I tempi di realizzazione sono lunghi. I commercianti della zona chiedono garanzie.
Da ieri mattina la via Calderà è chiusa al transito nel tratto tra via Milite Ignoto e via della Fiera Franca. Sono iniziati, infatti, i lavori di rifacimento della strada, previsti dal più ampio progetto di riqualificazione ambientale della fascia costiera di Barcellona. L’opera è stata in parte finanziata dai fondi europei del Pios 5, con un contributo pari a 5 milioni di euro.

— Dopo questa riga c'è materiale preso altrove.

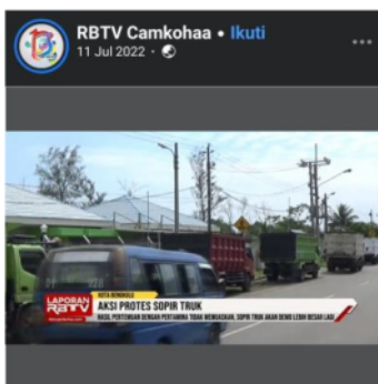
Gambar 1. Tampilan Program Laporan Malam RBTV Bengkulu

Berikut adalah contoh berita yang ditayangkan pada program Laporan Malam di RBTV dan program Kabar Metropolis di BETV :

La ditta Ma.ge.co, cui sono stati affidati i lavori, ha già provveduto a pavimentare il vicolo spiaggia Calderà, adiacente alla piazza delle Ancore, con pietra bianca e grigia di Custonaci. Le attuali operazioni prevedono, invece, la rimozione dell’asfalto e la sua sostituzione con un pavimento di monostrato vulcanico. Per completare i lavori saranno necessari 60-70 giorni, condizioni atmosferiche permettendo. A coronamento del progetto è prevista, inoltre, la realizzazione di spazi per bambini e di aree verdi alle due estremità della piazza. Gli attuali lavori destano non poche preoccupazioni nei commercianti della zona, che temono una riduzione della clientela. D’altra parte, l’amministrazione comunale ha deciso di rinviare le operazioni ai mesi autunnali proprio per evitare di danneggiarli durante la stagione estiva, ma i lavori sono ora inderogabili. Un altro problema è rappresentato dalla probabile trasformazione della via in isola pedonale, con le relative limitazioni al traffico, nel periodo estivo. Anche questa prospettiva turba gli operatori economici che chiedono garanzie, preoccupati di subire ulteriori danneggiamenti in futuro. Il sindaco Candeloro Nania rassicura: «Per il momento si è pensato di istituire l’isola pedonale esclusivamente durante la stagione estiva, in particolare nelle sere d’estate». Rimane, invece, valido il provvedimento relativo alle limitazioni al traffico. La via Calderà, dunque, non sarà più a doppio senso di circolazione.